M. Stéphane Sautarel. Lorsqu’une commune est classée station de tourisme, celle-ci peut décider de retrouver l’exercice de la compétence « promotion du tourisme, dont la création d’offices du tourisme » par une simple délibération du conseil municipal. En revanche, pour toutes les communes non classées stations de tourisme, il est nécessaire de passer par une délibération concordante de l’intercommunalité et des communes membres, une procédure beaucoup plus lourde.

Pourtant, certaines communes, bien que non classées stations de tourisme, conservent une identité touristique forte et ont une image de marque rayonnant territorialement, voire internationalement. Il est nécessaire que ces communes puissent choisir librement l’organisation touristique la plus adaptée à leur situation.

Aussi cet amendement vise-t-il à permettre à ces communes de retrouver la compétence « promotion du tourisme » par simple délibération du conseil municipal. Cette possibilité serait toutefois réservée aux seules communes menant une politique touristique ambitieuse, c’est-à-dire celles disposant d’un minimum de 3 000 lits touristiques.

M. le président. La parole est à Mme Sylviane Noël, pour présenter l’amendement n° 576 rectifié quinquies.

Mme Sylviane Noël. Il est défendu.

M. le président. La parole est à M. Éric Gold, pour présenter l’amendement n° 815 rectifié.

M. Éric Gold.
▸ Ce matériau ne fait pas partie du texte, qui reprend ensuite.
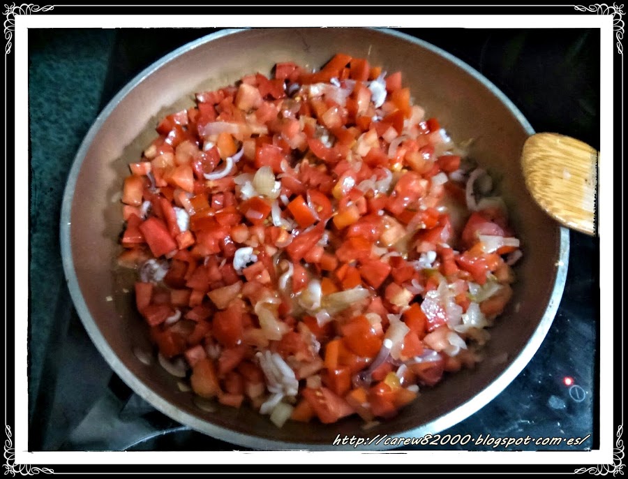 Cortamos las verduras en trocitos muy pequeños y los ponemos a pochar en una sartén con aceite de oliva a fuego lento , empezando con la cebolla , después los pimientos y por último el tomate con una pizca de sal y azúcar para quitarle la acidez , lo dejaremos pochar durante unos 30 minutos , pasado ese tiempo añadimos los trocitos de tentáculos y dejamos cocinar durante otros 10 minutos , también añadimos los trocitos de gambon y dejamos unos 5 minutos , retiramos el sofrito y dejamos enfriar.

Il paraît nécessaire que les communes touristiques puissent décider de retrouver l’exercice de la compétence « promotion du tourisme » quand elles promeuvent une politique touristique ambitieuse sur leur territoire.

Aussi, cet amendement vise à permettre aux communes touristiques comptant une capacité d’hébergement d’au moins 3 000 lits de prendre cette décision dans les mêmes conditions que les communes touristiques classées stations de tourisme, à savoir par la seule délibération du conseil de la commune concernée.

Ces communes doivent choisir librement l’organisation touristique la plus adaptée à leur situation. En effet, les spécificités des communes touristiques peuvent nécessiter de conserver un pilotage de la promotion et une gouvernance au plus près des réalités locales. À cela, il faut ajouter un contexte international de plus en plus concurrentiel : il est donc essentiel que lesdites communes préservent leur capacité d’action et d’intervention en matière de promotion touristique.